第二部 第6章―2
ゴーレム――。
岩石でできた巨人――。
この見るからに固そうな巨像に魂が宿ることで、関節部分は軋むこともなく不思議なほどなめらかな屈曲が可能となる。人と遜色のない動きを実現していた。
それゆえ、ハルヒコの想定した通り、その巨体から発揮される尋常ならざる力によって、馬に引かせていた鋤を難なく動かし、みるみるうちに広大な畑が耕されていったのである。その様はさながら重機そのものであった。
――確かに畑を耕す分には問題ないんだけど……。
最初に試した、姿の定まっていない土魔法に魂を付与した場合、その行動のすべてを途中で変更することはできなかった。つまり魂のプログラミングをし直すことができなかったということだ。
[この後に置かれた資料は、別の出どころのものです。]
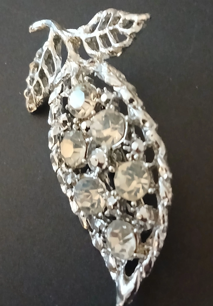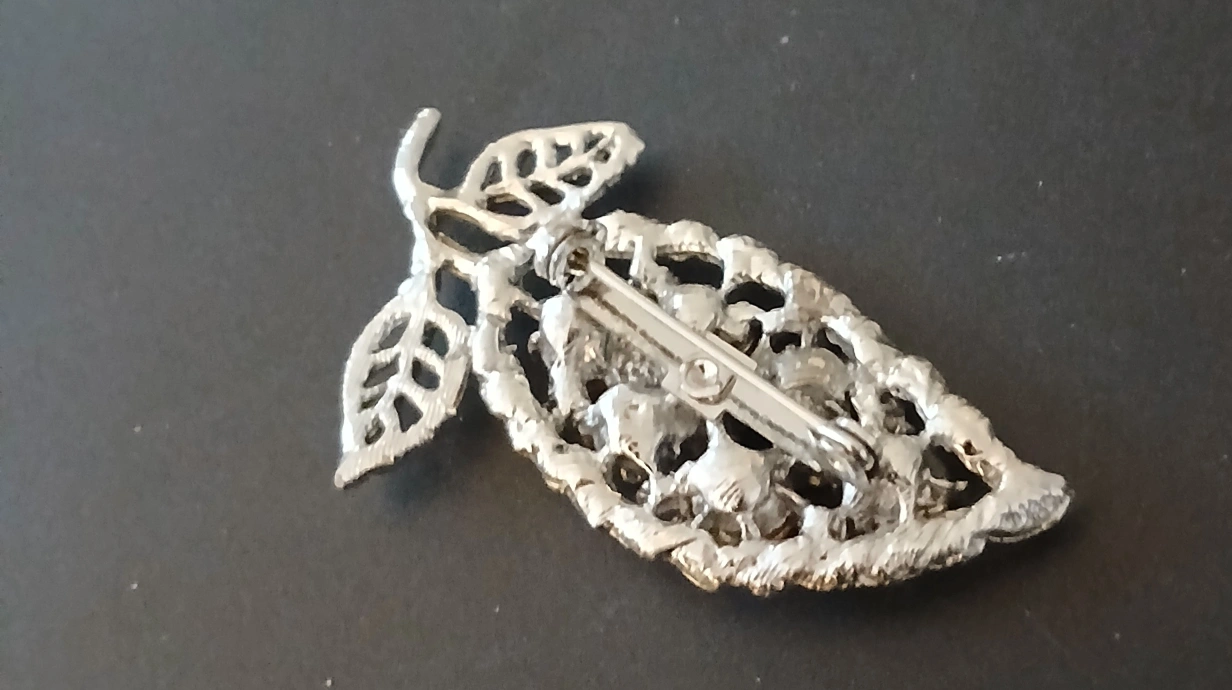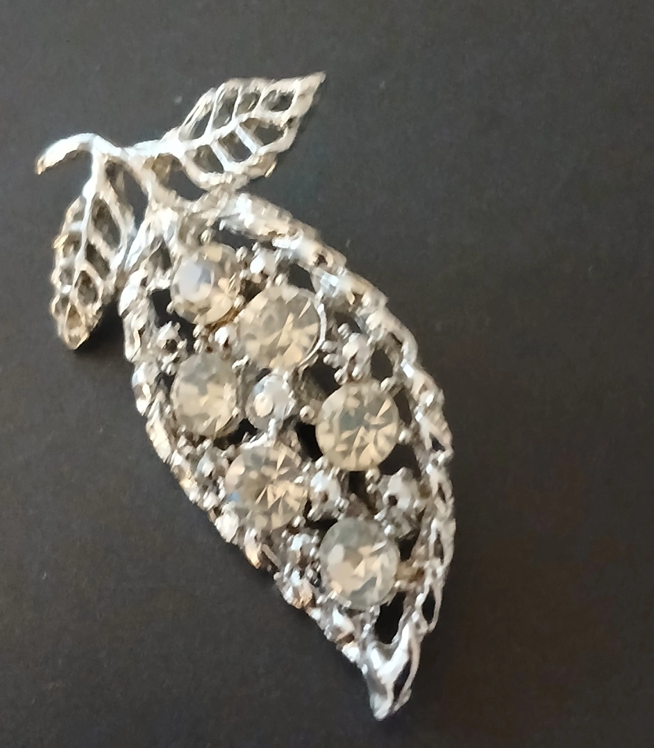 1000+Selling a lovely vintage leaf brooch pin. It features a detailed leaf design with sparkling rhinestones. It's in great condition 2x1 inches secure closure

もし、その土魔法が想定を超えた被害をもたらす可能性が出てきたときには、その魔法を途中で消滅させるしか避ける手立てはない。
一方、土魔法で形あるものを作り、それに魂を付与すると――これはハルヒコもやってみて初めて気づいた想定外の特性であったが――その形に宿った魂は常に新たな命令を受け付け直すのだ。
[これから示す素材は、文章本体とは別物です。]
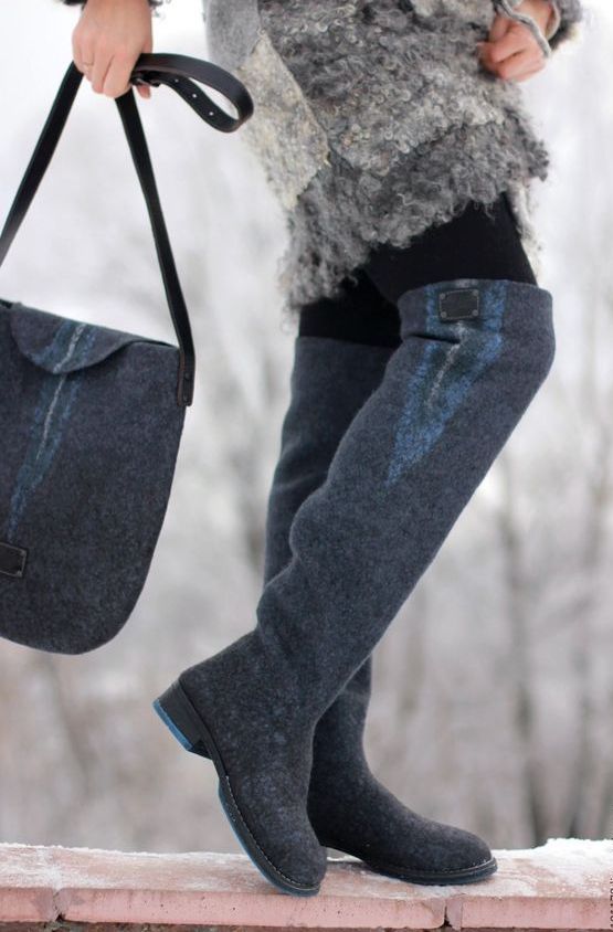 - Classic colors are still relevant and fashionable - natural colors of felted wool. Light and dark gray boots, as well as boots of beige and black are universal and perfectly combined with any outerwear.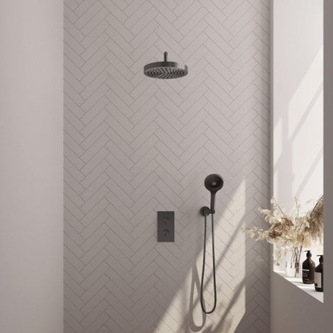 Stel je voor: een badkamer die niet alleen functioneel is, maar ook een oase van rust en stijl. Met deze inbouw regendouche transformeer je jouw douchehoek tot een luxe wellnessruimte waar je elke dag opnieuw van geniet. De royale douchekop zorgt voor een zachte, brede waterstraal die je omhult als een warme regenbui, terwijl de subtiele gebogen muurarm en het strakke, rechthoekige design een moderne en tijdloze uitstraling geven. Dankzij de thermostatische regeling geniet je altijd van de perfecte watertemperatuur, zonder schommelingen. De handdouche met drie standen biedt extra flexibiliteit, ideaal voor het gericht afspoelen of het schoonmaken van de douche. Met de hoogwaardige afwerking in gunmetal geborsteld PVD voeg je een stoer en elegant accent toe aan je badkamer, dat moeiteloos combineert met diverse interieurstijlen. Dit is niet zomaar een douche, maar een investering in comfort en design die jouw dagelijkse routine verrijkt.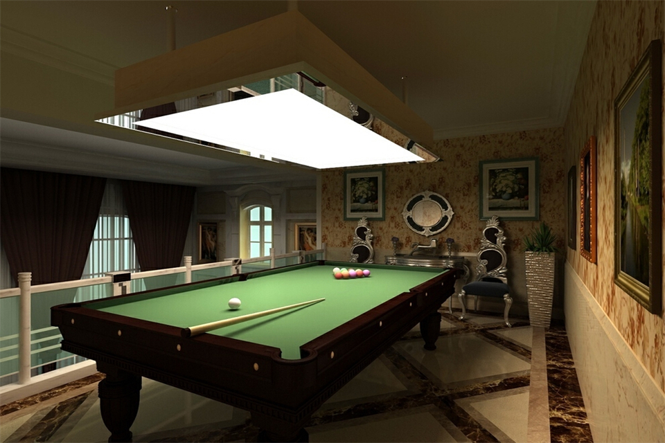 为了打球舒适感好一点,室内放台球桌一个至少需要5.8m×4.5的一个空间。

――形があることで、魂がそこに居続けることができるんだろうか……。
つまり、ハルヒコはゴーレムをまるでドローンのように操ることができたのである。意識していないときは、ゴーレムは事前にプログラムした命令に従い自律的に行動し続ける。そして、ハルヒコが意識を集中すれば、ゴーレムはコントローラで操縦するかのごとく意のままに動かせることができたのだ。
――それでも、だ……。
そう思った矢先、
「あ……」
ハルヒコの目の前でゴーレムは成育途中の作物を豪快に引き抜いた。
――それは雑草じゃないんだけどな……。
ゴーレムに宿った人工的な魂に、雑草と作物の区別はできないようであった。
とにかく、一切の細かな作業がゴーレムにはてんで向いていない。今も雑草を取らそうとして、その巨大な手で作物を土ごと根こそぎ引き抜いてしまった。
――巨体のせいか……?
そう思い、人間サイズのスリムなゴーレムも作ってみたが上手くいかない。
――人工的な魂は命令通りにしか動けないんだな……。
無から生まれた魂は自分で考えることができないようだ。そのときどきの状況に応じて最適な判断ができない。
もちろん命令を――プログラムを――微に入り細に入り工夫すれば、もしかするとやがてはそれも実現可能になるのかもしれない。その課題が疑似的な魂の本質的な特性によらなければの話ではあるが。
だが、このときハルヒコが下した決断はまた別のものであった。
――これは、いよいよアレを試すしかないのか……。
魔導書に載っていた魂の魔法の本来の使い方――。
それはあまりに残酷で、ハルヒコは初めてその記述を読んだとき、倫理的な抵抗を覚えずにはいられなかった。だが、ここにきて、
――それ以外に方法はなさそうだ……。
ハルヒコはあっさりと決断してしまう。結局のところ、何かしらの理由が欲しかったのかもしれない。自分の背中を押してくれる、もっともらしい言い訳を……。
ハルヒコはあふれ出る好奇心を抑えることができなかった。